Notice how few parameters the Controller has compared to V and M. This is by design ‚Äî the Controller is a thin decision layer on top of rich representations.

### 4.5 Dream Training Loop

Now we arrive at the most exciting part: training the Controller inside the Memory model's imagination. The agent will never touch the real environment during this phase.

In [None]:
def dream_reward(z, latent_dim=2):
    """Estimate reward from latent state.

    Since we cannot access the real reward function inside
    a dream, we learn a simple proxy. For CartPole, we
    decode z back to observation space and check if the
    pole angle is small (the pole is balanced).
    """
    with torch.no_grad():
        obs_recon = vae.decode(z)
    # CartPole reward: +1 if pole angle (dim 2) is small
    # and cart position (dim 0) is near center
    pole_angle = obs_recon[:, 2].abs()
    cart_pos = obs_recon[:, 0].abs()
    reward = (1.0 - pole_angle) * (1.0 - 0.1 * cart_pos)
    return reward.clamp(min=0.0)

In [None]:
def dream_rollout(controller, mdnrnn, vae, initial_obs,
                  dream_steps=50, temperature=1.0):
    """Roll out a trajectory inside the world model's dream.

    Args:
        initial_obs: real observation to start the dream [1, obs_dim]
        dream_steps: how many steps to dream forward
        temperature: controls stochasticity of MDN sampling

    Returns:
        total_reward: accumulated reward in the dream
        log_probs: log probabilities of chosen actions (for REINFORCE)
    """
    # Encode initial observation
    with torch.no_grad():
        mu, logvar = vae.encode(initial_obs)
        z = mu  # Use mean for initial state (no sampling noise)
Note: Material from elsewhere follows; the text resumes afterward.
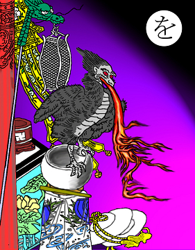 〈読み札〉 「陰摩羅鬼 屍(しかばね)の気の変じた化け鳥(ばけちょう)」 〈妖怪名〉 「陰摩羅鬼(をんもらき)」 〈解説〉これも出現例の少ない妖怪。新しい仏さんがお寺に持ち込まれたりした時、その屍の気が変化してこの鳥の姿になるという。「気」というのは何でしょうか。生命力の別名でしょうか。死後は気も雲散霧消してしまうのでしょうが、死んだばかりの新しい死骸にはまだ気が残っていて、そいつが体から抜けるときにけっこう大きなエネルギーの塊になるのでしょう。それがこの鳥のように見えるのでしょう。別に悪さはしないようです。 |

    hidden = mdnrnn.init_hidden(1)
    total_reward = 0.0
    log_probs = []

    for t in range(dream_steps):
        # Controller selects action
        action_logits = controller(z, hidden[0])
        action_dist = torch.distributions.Categorical(
            logits=action_logits)
        action = action_dist.sample()
        log_probs.append(action_dist.log_prob(action))

        # Memory predicts next state
        with torch.no_grad():
            pi, mu_mdn, sigma_mdn, hidden = mdnrnn(
                z, action.float().unsqueeze(-1), hidden)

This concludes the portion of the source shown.